Relativity is quietly gearing up for Wall Street. The Chicago-based e-discovery software company has filed a confidential draft registration with the Securities and Exchange Commission, putting the long-running legal-tech player on a clearer path toward a public debut and a hefty fundraising haul.
The filing, reported Thursday, signals that the company is preparing for the scrutiny, disclosures and cash-raising that come with going public. As reported by Chicago Business Journal, which cited Bloomberg, the confidential submission was made on Thursday. Bloomberg told the paper the IPO could raise roughly $750 million and value Relativity at about $4 billion. The Business Journal noted that those figures came from people familiar with the matter, and Relativity has not publicly disclosed any offering terms.
What a confidential filing actually does
A confidential submission lets a company work through its draft registration statement with SEC staff before the full S-1 becomes public. In practice, that gives executives a chance to address accounting and disclosure questions away from competitors, customers and curious onlookers.
The SEC's JOBS Act FAQs explain that emerging growth companies are allowed to submit draft registration statements confidentially and are required to make them public a set number of days before any roadshow or effective date. That quieter, behind-the-scenes review can help a company tighten up disclosures and, if it chooses, quietly gauge interest from institutional investors ahead of a full public roadshow.
Chicago roots, global legal-tech footprint
Relativity started out as a specialized e-discovery vendor and has since grown into a broader legal-tech platform. It now sells RelativityOne and a growing suite of AI tools for legal review and investigations.

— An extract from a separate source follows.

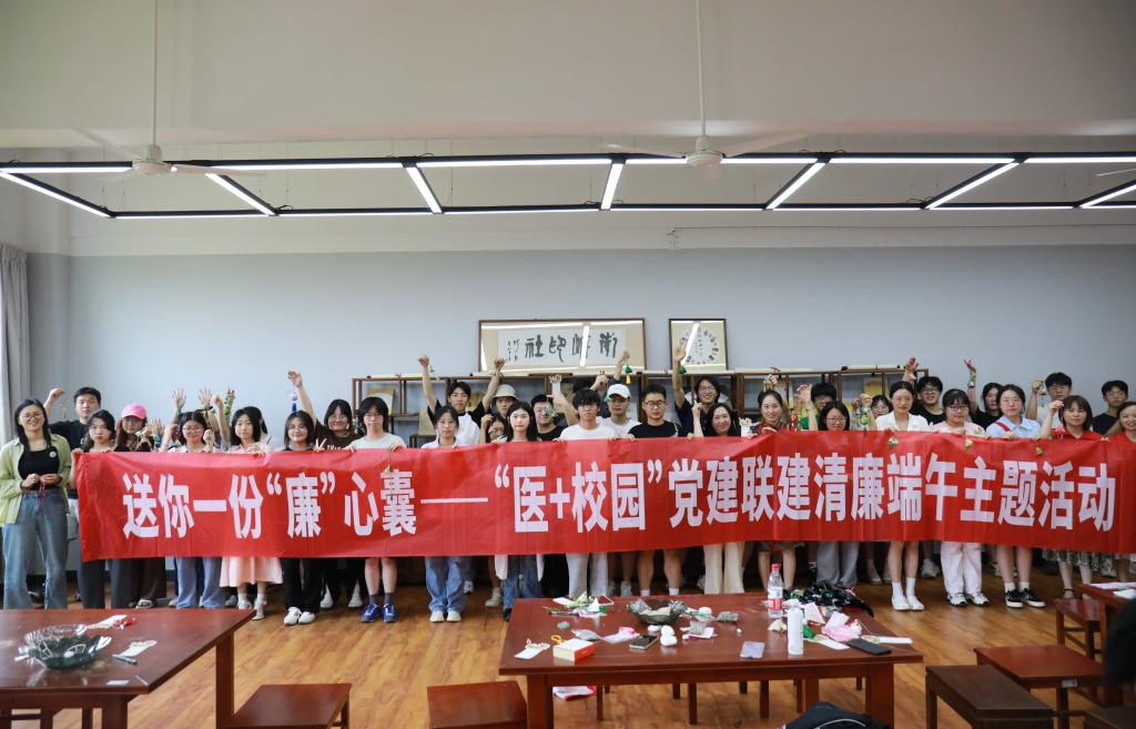 又是一年端午时。为弘扬中华优秀传统文化,树立节日新风,促进校地联系,引导机电师生清廉过节,6月14日下午,海宁校区16号楼305、306国学教室里,来自书画社、国学社、南岸诗社等十余个学生社团的百余名同学和海宁校区的部分教职工,与海宁市中心医院的医务工作者们共同参加一场主题为“送你一个‘廉’心囊”——“医+校园”党建联建清廉端午活动。海宁市中心医院副院长周燕亲临现场,海宁校区综合办、团委相关负责人员参与本次活动。

The company’s website says it has been supporting law firms, corporations and government agencies for about 25 years and lists its headquarters in Chicago. That long track record and deep customer base are a big part of why the company could draw serious investor attention if it completes an IPO, especially with AI products sitting front and center in the legal-services world.
What to watch if the S-1 goes public
If Relativity moves from a confidential draft to a publicly available S-1, several milestones will start to define the timeline for a debut. Market watchers will be looking for SEC comment letters, the slate of underwriters and the initial pricing range, all of which help set expectations for when shares might actually start trading.
Investors are likely to zero in on revenue growth, margins and how the company describes its AI-driven offerings to judge valuation. Legal advisers note that a confidential submission is only the opening move; the SEC review and market process can still take weeks or months depending on regulatory feedback and investor appetite, according to Latham & Watkins.
Regulatory fine print and life after the IPO
A public listing would drag Relativity fully into the world of ongoing SEC reporting, auditor oversight and stricter governance expectations for leadership and the board. The confidential filing itself does not change those eventual obligations.
Once the company publicly files a full registration statement, the S-1 and any SEC comment letters become part of the public record and can influence both timing and pricing, as the SEC's JOBS Act FAQs explain. Observers will also be watching whether any future IPO proceeds are earmarked for accelerating AI product development or for longer-term growth plans, as opposed to cashing out existing holders.